10 Replies to “Europe stomps on biodiversity source”

  1. Ugh. I had not heard of this. American progressives (self included) like to think that the EU is less in the pocket of the big corporations than the US government, though this is probably a conceit.

    I’d be curious to hear your analysis. Is this just the EU caving to pressure from Big Ag, or is there more to this? If the former, what’s their rationale?

  2. Alas, it isn’t so much the the EU is caving in to pressure from Big Ag as that they seem to think that one size fits all. The US allows enterprise to thrive. If you choose to buy unregistered seeds, that’s your problem. The EU sets out to “protect” growers from the “folly” of wanting to grow unregistered varieties.
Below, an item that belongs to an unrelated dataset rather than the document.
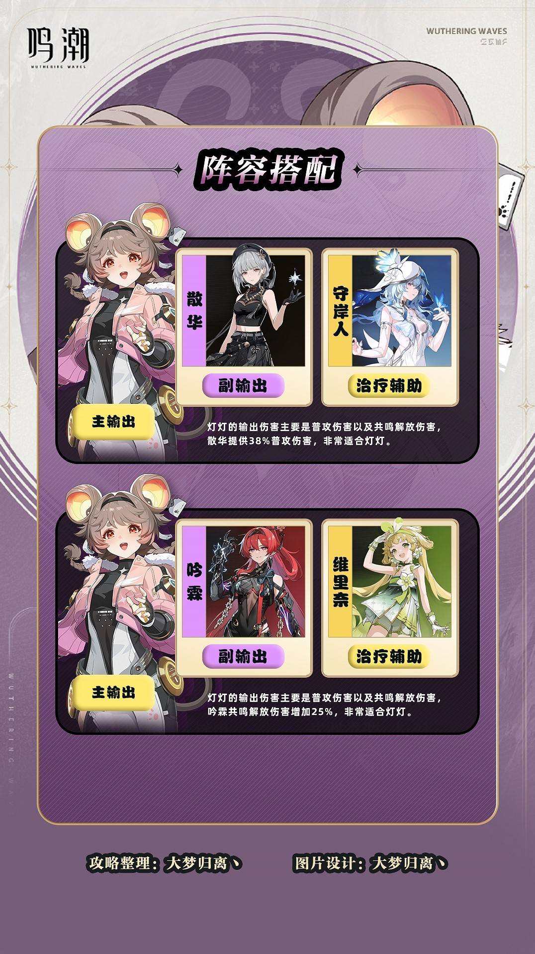 合理声骸、武器和队伍搭配,充分发挥灯灯潜力,取得更好战斗效果。

    Given the interest, I’m going to dust off some earlier analyses and post them here in a day or two.

    1. Couldn’t resist picking up on Jesse’s comment – I like the “if” but I suspect that is wishful thinking. So Jesse asks ‘Will the UK keep the system themselves?’ Well, shortly I don’t think there will be anyone in DEFRA who understands the system, so could be that ignorance is bliss!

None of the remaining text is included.